## Work to be completed:
Would you retype the entries from the first line to the line bearing "The interior was", both included, leaving out every picture?

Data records
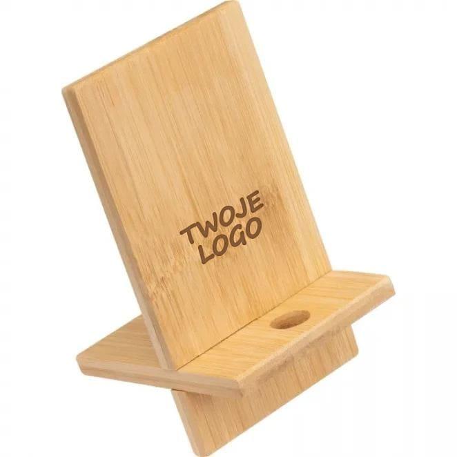 Bambusowa podstawka pod telefon z dziurką na kabel, umożliwiającą podłączenie ładowarki.
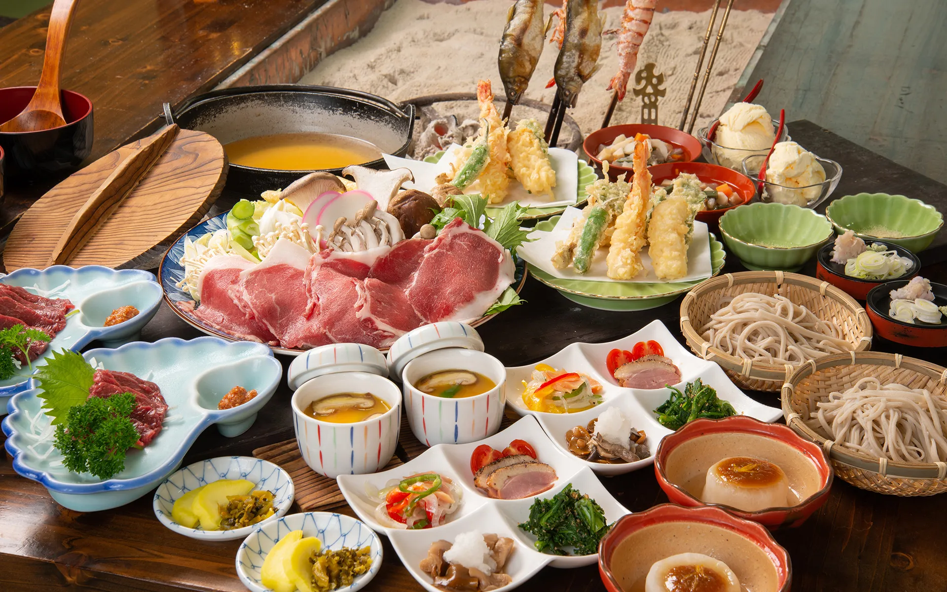 囲炉裏を囲みながら味わう会津の郷土料理。名物の馬刺しやこづゆ、手打ち蕎麦など、地元の旬の味覚が並びます。素朴ながらも心に残る、お食事の時間をお楽しみください。
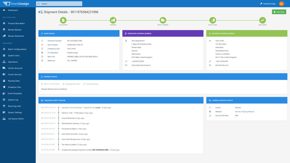 - Shipping Management
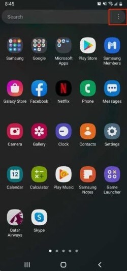 مرحله ۱: برای بازکردن لانچر، انگشت خود را در صفحه اصلی به سمت بالا بکشید یا در مدلهای قدیمیتر در صفحه نخست روی Apps (برنامه ها) ضربه بزنید. سپس روی نماد سه نقطه در گوشه سمت راست در بالا ضربه بزیند.
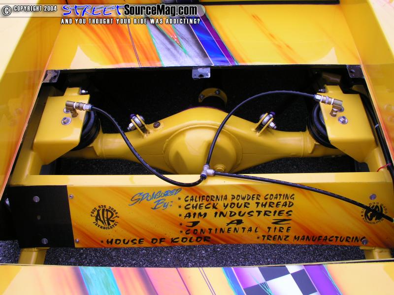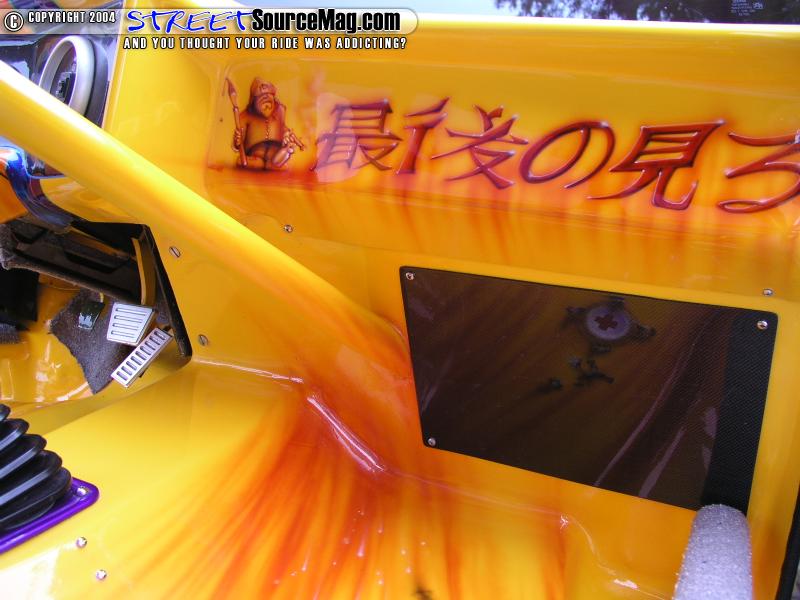 The interior was finished with a handbuilt rollcage. The flooring, dash, and all interior panels were finished up with molded carbon fiber panels. Notice the clean floor mods done for the bodydrop. The entire underside was skinned in aluminum that was later painted to match the exterior graphics.
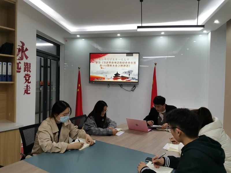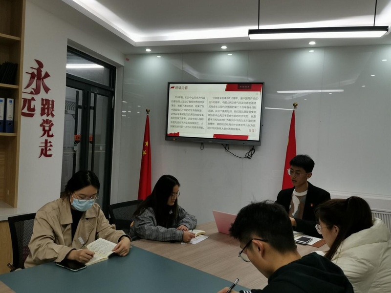 会议开始,孙峰先带领我们学习了关于《习近平总书记在纪念辛亥革命110周年大会上的讲话》内容。会上,孙峰讲到今年是辛亥革命110周年,是中国共产党成立100周年,中国人民正意气风发向着全面建成社会主义现代化强国的第二个百年奋斗目标迈进。在这个重要时刻,我们在这里隆重集会,缅怀孙中山先生等革命先驱的历史功勋,就是要学习和弘扬他们为振兴中华而矢志不渝的崇高精神,激励和团结海内外全体中华儿女为实现中华民族伟大复兴的中国梦而共同奋斗,并以PPT的形式对重要讲话的内容进行详细的讲授。
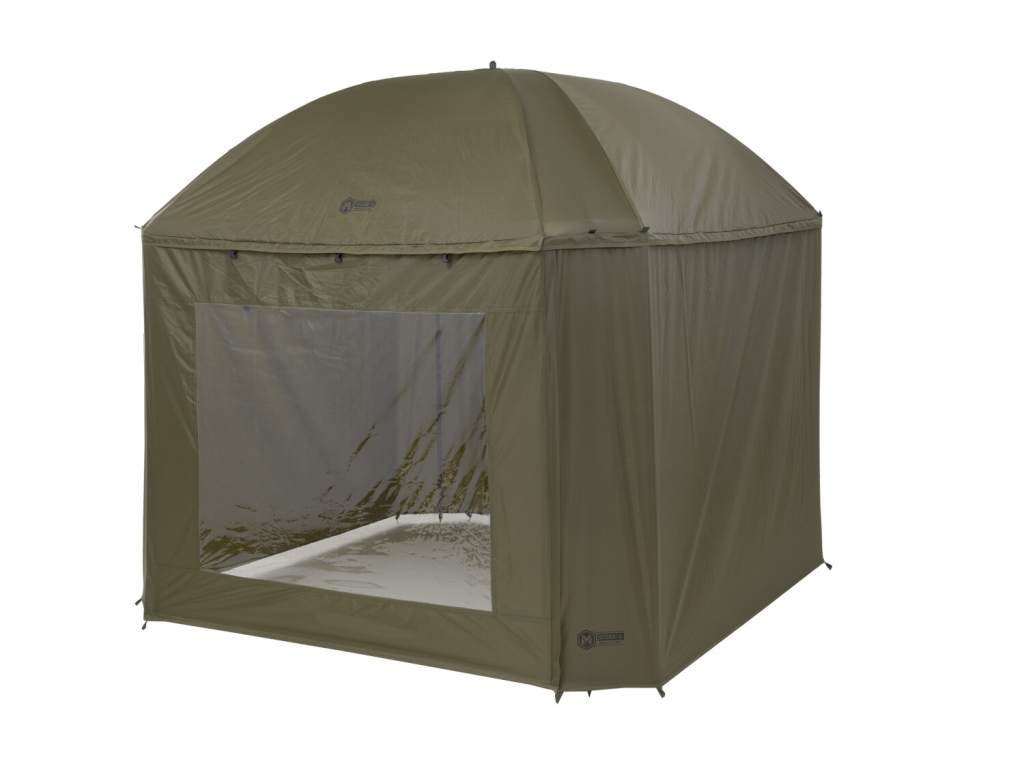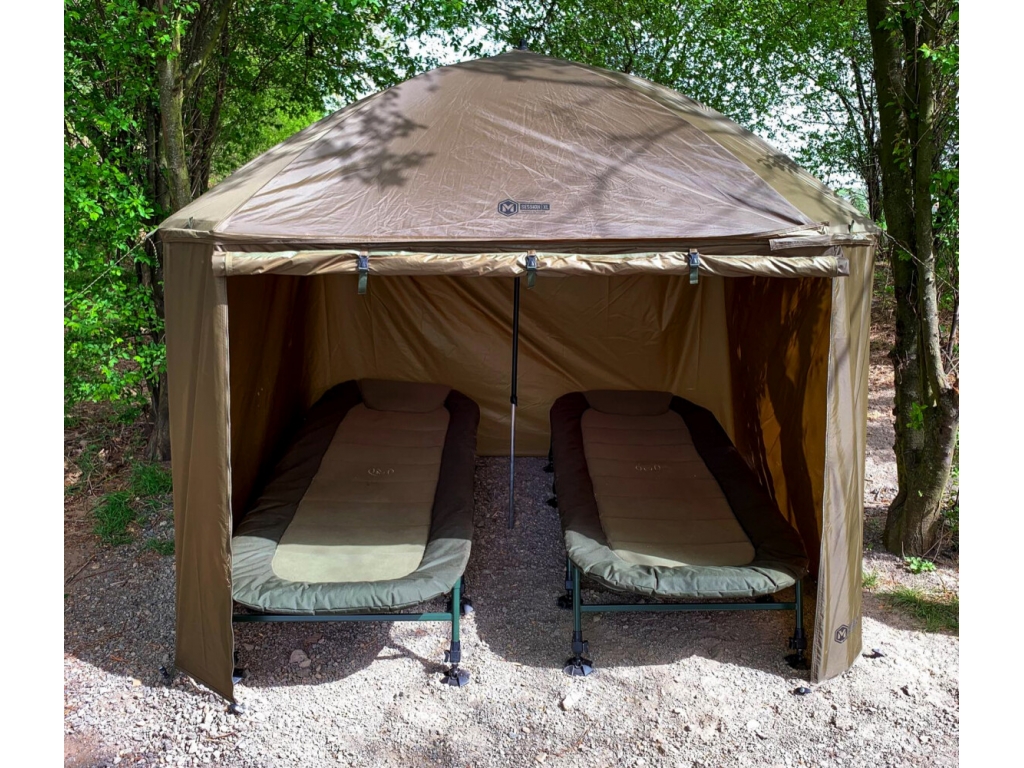 Kompletne zakrytý dáždnik Mivardi štvorcového tvaru s obrími rozmermi. Možno do neho umiestniť dve veľké rybárske lehátka. Rozmerom dáždnika je plne prispôsobená jeho konštrukcia a použité materiály.
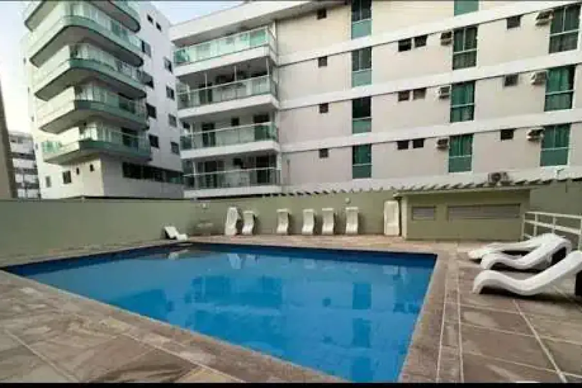 Apartamento mobiliado à venda em Cabo Frio conforto, com 68m2, 2 quartos suíte, sala, cozinha e 2 banheiros a poucos passos do mar.
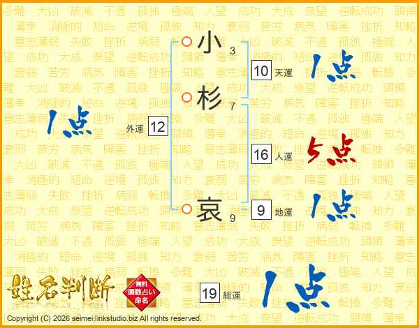 小杉哀さんの総運は19画の1点!

## Final answer:
 Bambusowa podstawka pod telefon z dziurką na kabel, umożliwiającą podłączenie ładowarki.
 囲炉裏を囲みながら味わう会津の郷土料理。名物の馬刺しやこづゆ、手打ち蕎麦など、地元の旬の味覚が並びます。素朴ながらも心に残る、お食事の時間をお楽しみください。
 - Shipping Management
 مرحله ۱: برای بازکردن لانچر، انگشت خود را در صفحه اصلی به سمت بالا بکشید یا در مدلهای قدیمیتر در صفحه نخست روی Apps (برنامه ها) ضربه بزنید. سپس روی نماد سه نقطه در گوشه سمت راست در بالا ضربه بزیند.
 The interior was finished with a handbuilt rollcage. The flooring, dash, and all interior panels were finished up with molded carbon fiber panels. Notice the clean floor mods done for the bodydrop. The entire underside was skinned in aluminum that was later painted to match the exterior graphics.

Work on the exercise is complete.